Moving on let's talk about launching small one-time campaigns. Or said another way, Let’s test that new channel but not spend too much time or money on it! With that statement, you have pretty much sealed the fate of this new channel. Any new channel or tactic takes time and several iterations to validate. Throwing $100 and a few hours of your time at it will almost guarantee you don’t see results and therefore don’t pursue it further. While it’s good to kill bad ideas quickly, it’s also bad to make assumptions on very limited effort and of course limited data. Real growth can only be achieved through repeatable growth tactics and channels. Doing a bunch of small one offs will probably not get you there. 

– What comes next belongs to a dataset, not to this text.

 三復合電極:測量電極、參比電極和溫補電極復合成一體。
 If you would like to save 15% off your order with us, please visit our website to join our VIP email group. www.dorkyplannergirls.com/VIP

How about all those Fancy Analytics and marketing Tools? Well how many SaaS marketing tools should a sassy SaaS startup use? You have so many to choose from and they all look so shiny! I don’t think you actually need any of them until hitting a certain amount of scale (like millions of monthly events or significant annual revenue). Up and to that point you just need Google Analytics which is you guess it free! and a lot of Google Spreadsheets which is also free! I think you’ll also find your developers hate to integrate/instrument all of these fancy marketing tools and who can blame them? Better to save their energy to work on your core product and you do some extra number crunching in spreadsheets instead. I have also find this brings you much closer to the data as you have to quite literally touch it. That can be a lot more effective in uncovering the needles in the data haystack that you can then leverage further. 

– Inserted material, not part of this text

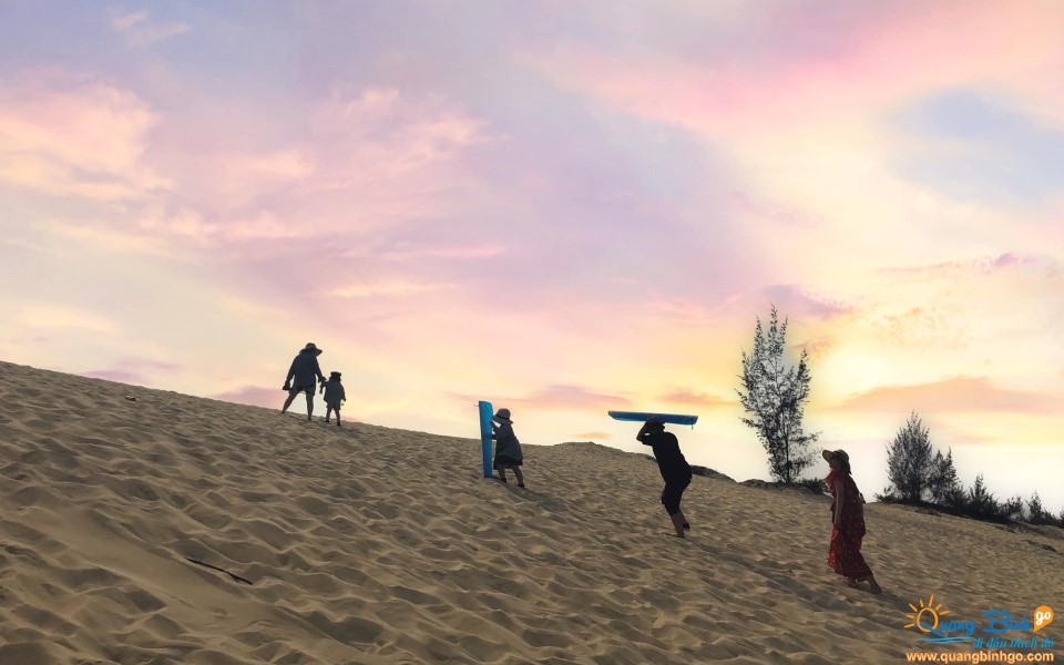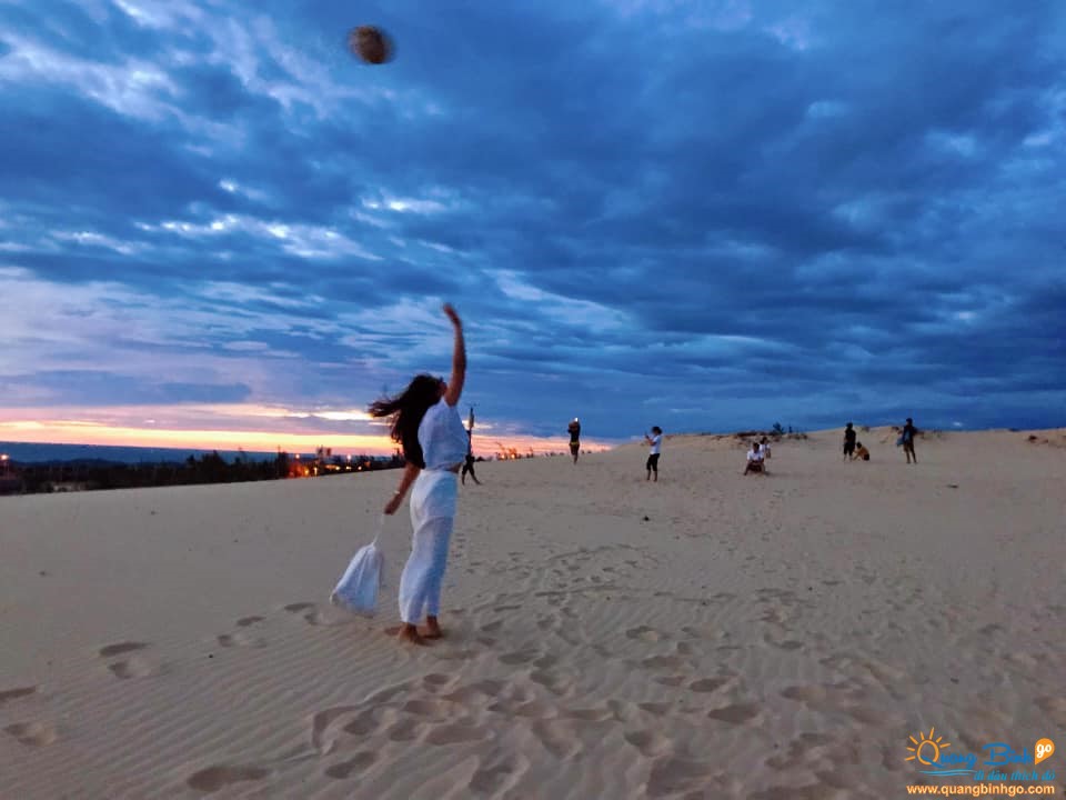 Bên trên, là bầu trời trong xanh. Bên dưới, là những triền cát trắng nối dài, ngút tầm mắt. Tạo nên một quang cảnh tuyệt đẹp. Các bạn có thể dạo chơi, vui đùa trên cát, và thả hồn mình vào với thiên nhiên đất trời. Một số bạn trẻ, có thể tham gia trò trượt rất thú vị; và hấp dẫn. Từ trên các đồi cát cao, với một tấm ván trượt, các bạn sẽ lướt trên nền cát trắng mịn màng. Một cảm giác rất vui; và thích thú như được tìm về với tuổi thơ, với những trò chơi tinh nghịch.

And last, but not least of course is getting too much startup marketing advice from social media sites like LinkedIn, blogs, and cough cough podcasts from supposed experts. Oh no! It’s already too late if you’re listening to this! Better take out those earbuds and start working on your own growth experiments and optimizations. I am being a bit tongue and cheek but there’s some half truth to this as well. Today there is probably too much advice for founders online and yes I acknowledge that I’m part of the problem. Although I do try to at least tell things to you straight without ulterior motives or things to sell you. Nothing else I’d rather try to sell you some confidence that you can figure this out on your own. And hey if you don't and totally screw up your growth marketing there’s even some value there. Because I’m sure you’ll screw up things much less in your next startup.

Until then, I wish you much success and many charts that go, up and to the right.